Hepatic arterial chemoembolization is an accepted therapy for stage 4 melanoma with liver-dominant metastasis. However, the reports of outcomes are limited. We present our outcomes with hepatic arterial chemoembolization for metastasis of stage 4 melanoma.

MATERIALS AND METHODS:

Twenty patients with liver-dominant metastasis of ocular or cutaneous melanoma were treated with hepatic arterial chemoembolization. Overall survival and progression-free survival rates were calculated from the first treatment. Patients with intrahepatic tumor progression were treated with additional hepatic arterial chemoembolization.

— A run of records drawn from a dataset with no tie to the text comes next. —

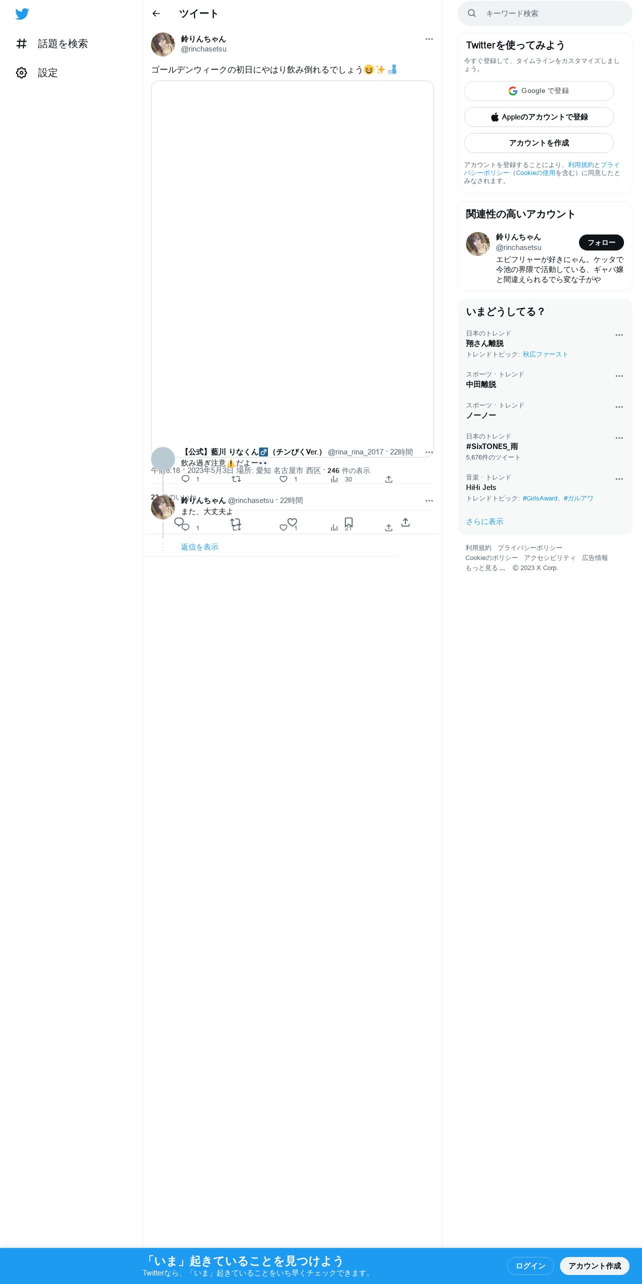 取得元URL: https://twitter.com:443/rinchasetsu/status/1653675418778750976
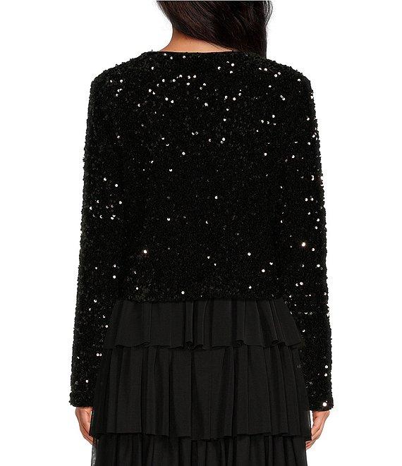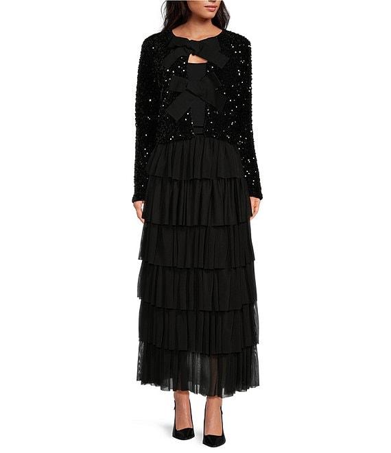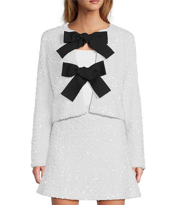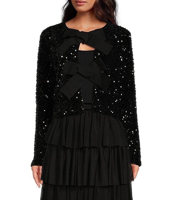 From A Loves A, this cardigan features: Sequin Fabrication Cardigan Silhouette Round Neckline Long Sleeves Classic Fit Straight Hemline Cropped Length Pull-on Construction Bow Tie Front Closure Approx. 19.5" in Length Polyester, Spandex Hand wash separately in cold water, hang on line to dry Imported. Dillard's Exclusive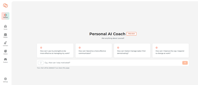 Our Personal & Colleague AI coaches are powered by Thom AI and deliver tailored support, whether you are using the platform as a non-manager (colleague) or a manager. These new features enhance self-awareness, improve collaboration with colleagues, and strengthen personal development and team growth.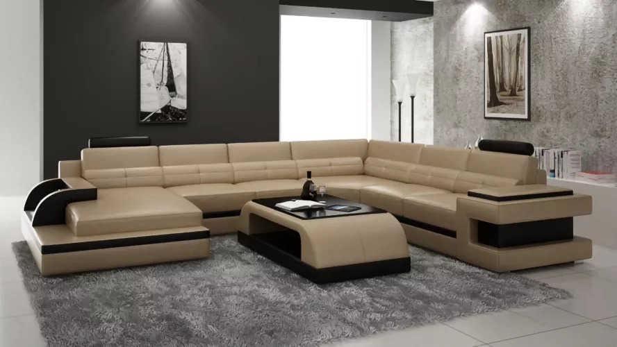 Entdeckt déi elegant an funktionell "Modern Wunnzëmmer Design Ecksofa Miwwelen Eckcouch Liederpolster Couch", déi perfekt ass, fir e luxuriéise Touch an äert Heem ze bréngen. Dës Ecksofa ass an enger U-Form designéiert, wat net nëmmen e stilvollen Ustrahl huet, mee och vill Sëtzplaz ubitt. Mat enger Dimensioun vun **309 x 384 x 185 cm** oder **185 x 384 x 309 cm**, erfëllt dës Sofa Är Besoinen an der Modulerbarkeet. D'Auswiel vun engem **Premium Liederfaserstoff**, deen aus 70% Lieder an 30% Polyester besteet, garantéiert eng haltbar an komfortabel Sëtzfläch. Fir déi, déi nach méi Luxus sichen, sinn Optiounen wéi **Echtlieder** oder **Volllieder** géint Oppräis verfügbar, wat eng weider Personaliséierung erméiglecht.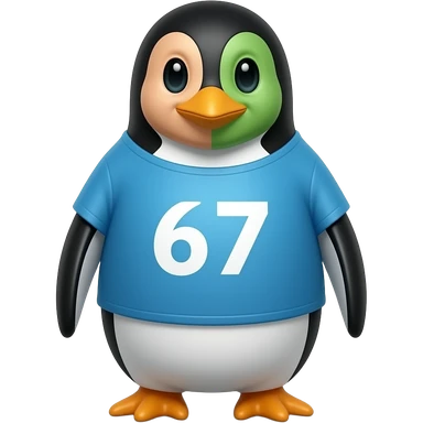 A penguin that has 67 on it and with a human face and alien face and a shirt emoji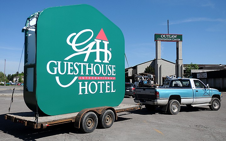 The new sign for the GuestHouse Inn and Suites and Outlaw Convention Center is prepared for installation on Friday, May 23, in Kalispell. (Brenda Ahearn/Daily Inter Lake)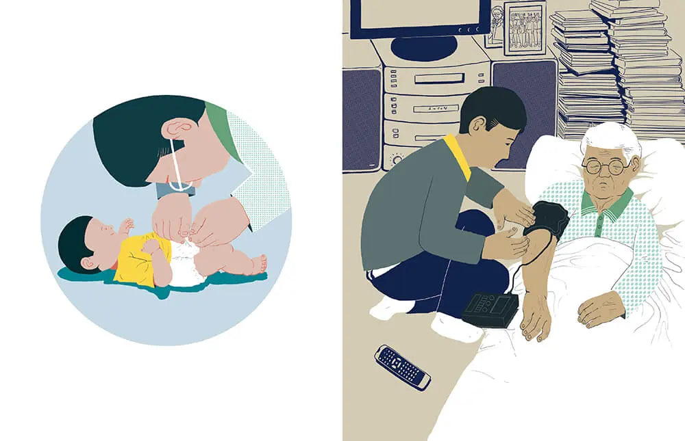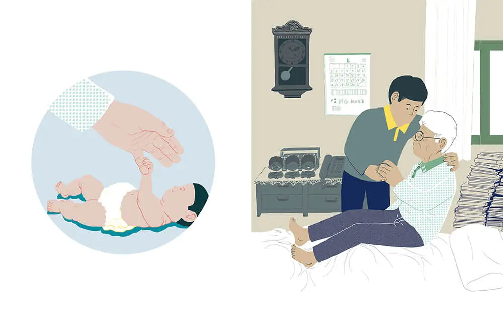 While it's commonly believed that caregivers for elderly parents are predominantly women, a survey by the Ministry of Health and Welfare shows that nearly half of family caregivers are now men. Men are naturally less attentive than women and less adept at communication and emotional expression, which may result in less patience and resilience in caregiving. Therefore, this book, *Father's Big Hands*, offers valuable reminders for family caregivers and provides a source of strength through love, even amidst exhaustion. Dr. Li Weiwen, dentist and writer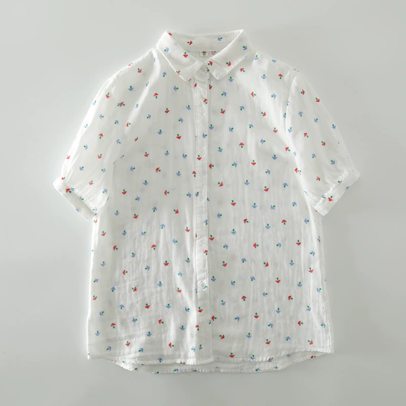 Summer colorful short-sleeved shirt small fresh double layer gauze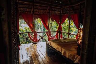 La cabane classique dans les arbres offre une vue imprenable sur la jungle car elle repose au-dessus de la canopée. Elle dispose d'un lit queen-size confortable, drapé d'une moustiquaire pour assurer un repos paisible après une longue journée d'activités. Pour votre intimité, chaque cabane dans les arbres a des rideaux et un mur arrière entièrement fabriqué à partir de vignes de la jungle tissées à la main.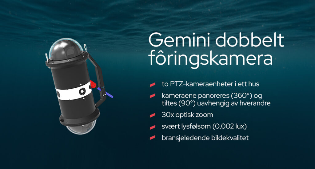 En stor fordel med Imenco Aqua sine Gemini-kameraer er tyngden. De tunge kameraene ligger svært stabilt i merden – også når det er høy sjø. Det gir klare og tydelige bilder inne på fôrsentralen.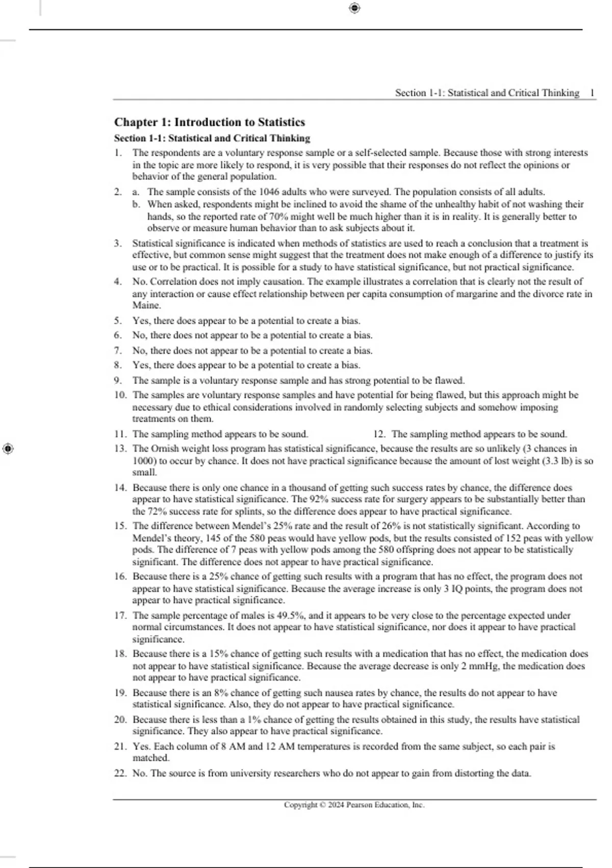 20. Because there is less than a 1% chance of getting the results obtained in this study, the results have statistical
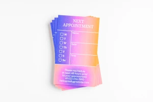 Veel afspraken te plannen met verschillende klanten? Maak een professionele indruk met jouw eigen ontwerp afsprakenkaart! Geef de afsprakenkaarten aan jouw klanten en leg gemakkelijk jullie afspraken vast.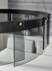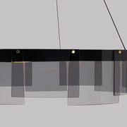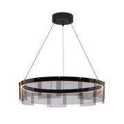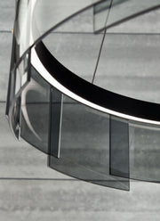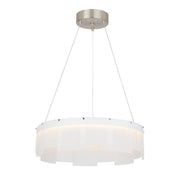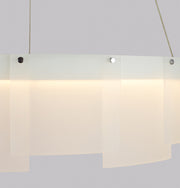 The overlapping panes of gently curved glass instantly define the Stratos LED chandelier from Tech Lighting. The collection of slumped transparent or frosted glass combine to create a shade which surrounds a smoothly diffused, fully dimmable LED source, all within an ultra-slim profile. This modern lighting collection can be scaled from residential dining room lighting, kitchen island lighting and media room lighting applications to commercial hospitality lighting and corporate lighting applications.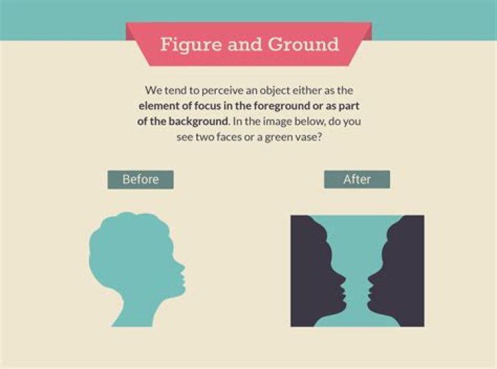 The figure-ground principle states that people instinctively perceive objects as either being in the foreground or the background. They either stand out prominently in the front (the figure) or recede into the back (the ground).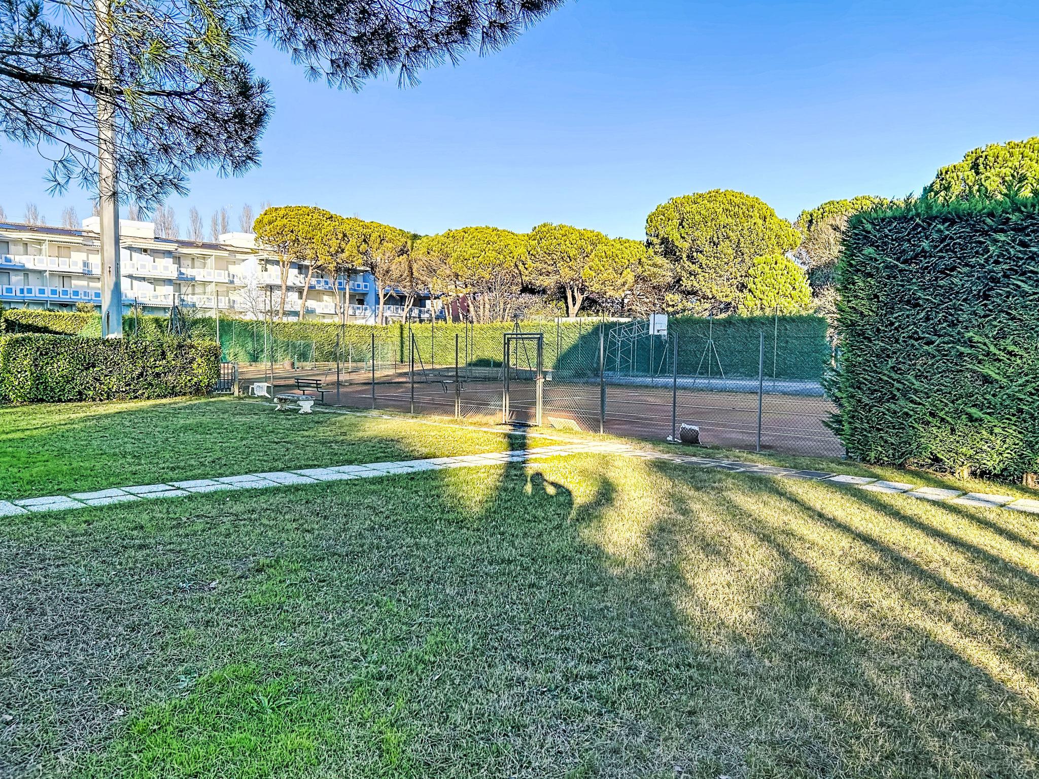 Large, comfortable residence "Olimpia", 3 storeys. In the centre of Bibione, in a sunny position, excellent location: right in the centre but still quiet, 1.2 km from the sea, 1.2 km from the beach. For shared use: park 10'000 m2, large garden lawn and plants, swimming pool (24 x 9 m, depth 150 - 220 cm, seasonal availability: 15.May. - 15.Sep. pool opening hours: 09:00-13:30 and 15:30-22:00). Children's pool, outdoor shower, hot tub, tennis, basketball, boccia. In the complex: bar. Parking at the house. Bus stop 200 m.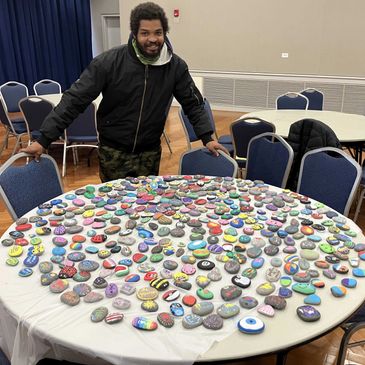 painted 400 Love Rocks as part of a Martin Luther King Day of Service on January 18. Project Manager White Dawes spoke to participants about the vital work of Sasha Bruce Youthwork to end youth homelessness.
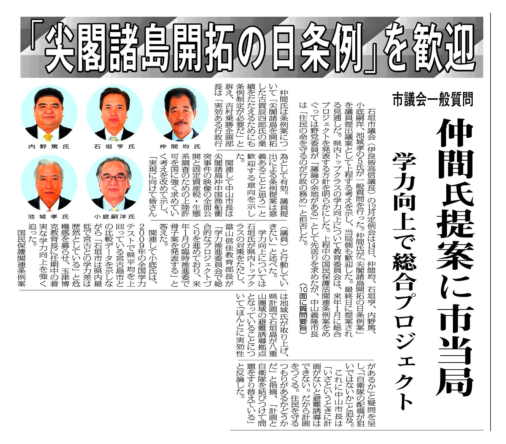 「尖閣諸島開拓の日条例」を歓迎/仲間氏提案に市当局/学力向上で総合プロジェクト/市議会一般質問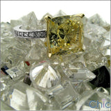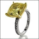 Breathtaking fancy two tone engagement ring, set with AAA high quality canary color cushion cut CZ in prong setting.Eternity band has round stones in pave setting.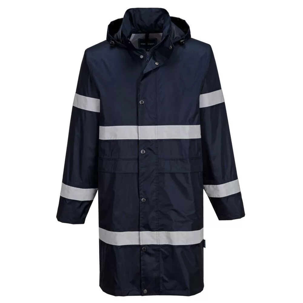 A könnyű és praktikus Iona esőkabát 100cm vízálló védelmet és fokozott láthatóságot biztosít. Rejtett kapucnival, nagyméretű zsebekkel és szellőzőnyílásokkal készül.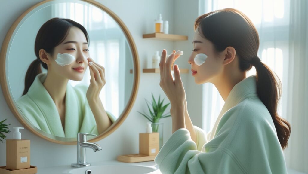 세안을 두 번 하고 토너로 메이크업을 제거한 후, Skin + Me 크림을 한 층 발랐습니다. 초기에는 피부가 성분에 매우 민감하게 반응했기 때문에, 권장되는 10분을 기다리지 않고 보습제를 조금 더 일찍 발라 피부가 적응하도록 했습니다.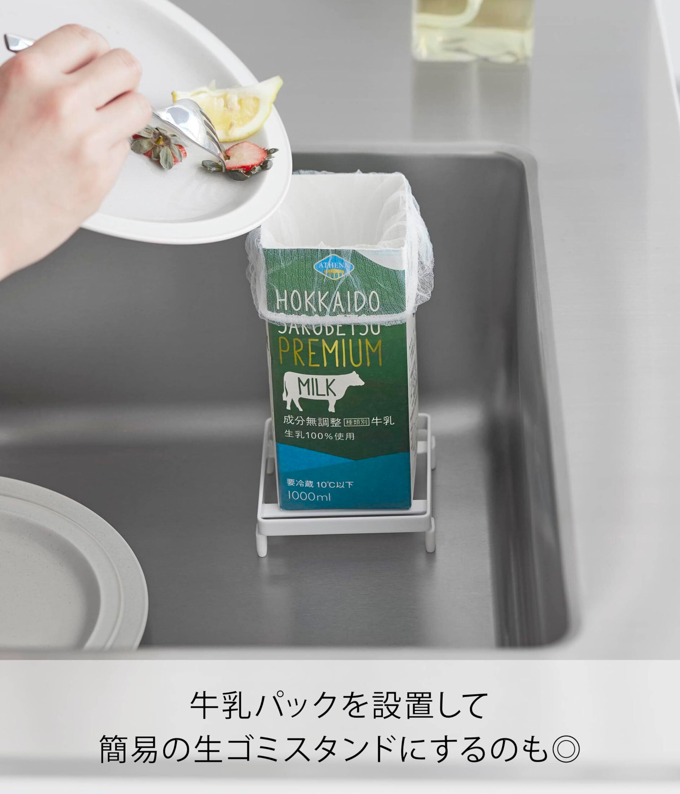 牛乳パックを設置して、簡易の生ゴミスタンドとしても。
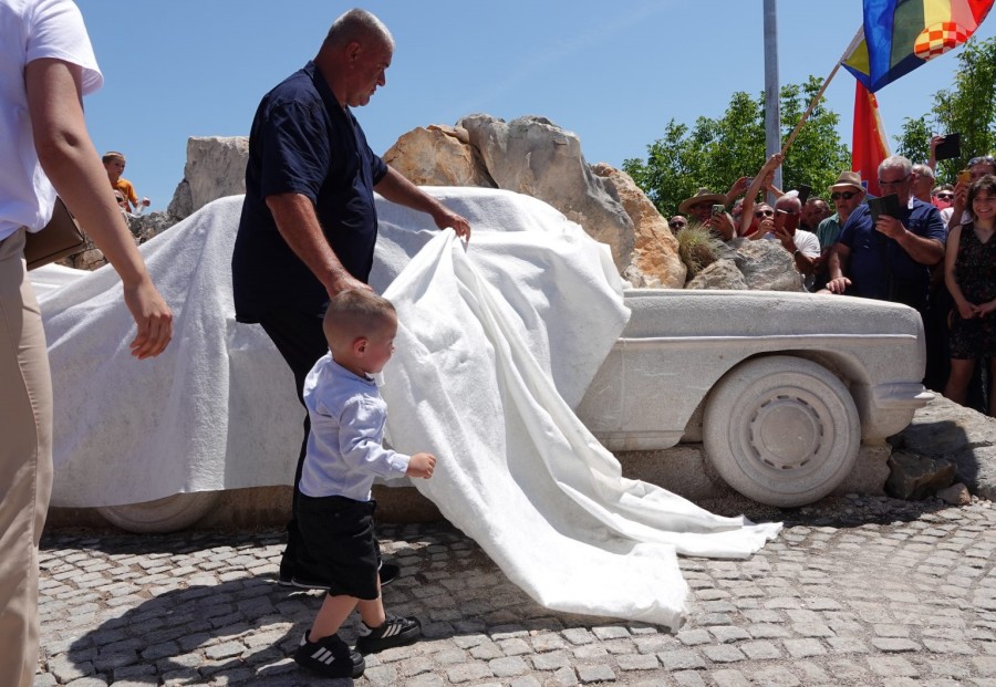 Ivan Topić Nota idejni začetnik spomenika, dijete gastarbajtera, koji je i sam okusio njemački hljeb, podigao je u naručje svojeg dvogodišnjeg unuka Juru Kordića i onda su zajedno potegnuli bijeli plašt. Ispod njega izniknu kameni ljepotan mercedes 115. minika simbol imotskih gastarbajtera, piše Radio Imotski.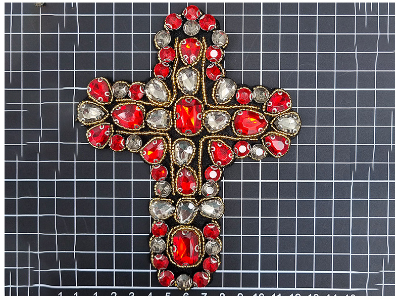 도매 수제 비즈 장식 크리스탈 십자가 패치 DIY 의류 액세서리 장식품 DIY 패치 수공예스토어 가기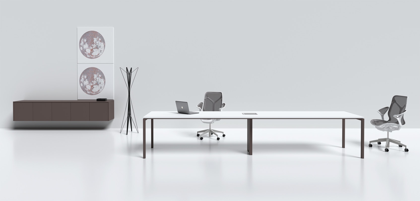 BBTECH, il tavolo di Della Chiara pensato come scrivania per ambienti direzionali, operativi e sale riunioni, rappresenta l’evoluzione della collezione BigBox.

Both overall survival and progression-free survival were analyzed with the Kaplan-Meier method. Tumor pattern on angiography was characterized as either nodular or infiltrative on the basis of angiographic appearance.

RESULTS:

The 20 patients underwent 46 hepatic arterial chemoembolization sessions (mean, 2.4 sessions; range, 1-5). The mean and median overall survival times were 334 +/- 71 and 271 days, respectively. There were no deaths within 30 days of treatment. Thirteen of the 20 patients had progression of disease. The mean and median progression-free survival times for these patients were 231 +/- 42 and 185 days, respectively. Patients with lesions that had a nodular angiographic appearance had longer progression-free survival than patients with lesions that had an infiltrative appearance (mean progression-free survival time, 249 vs 63 days). Patients with lesions that had a nodular angiographic appearance also survived significantly longer than those with lesions that had an infiltrative angiographic pattern (mean overall survival time, 621 vs 114 days; p = 0.0002).

CONCLUSION:

Hepatic arterial chemoembolization for liver-dominant metastasis of stage 4 melanoma is a safe treatment that results in longer survival than has occurred among historical controls. Patients with lesions that have a nodular tumor appearance on angiography survive significantly longer than patients with lesions that have an infiltrative appearance on angiography.

PMID:
18094299
DOI:
10.2214/AJR.07.2675
[Indexed for MEDLINE]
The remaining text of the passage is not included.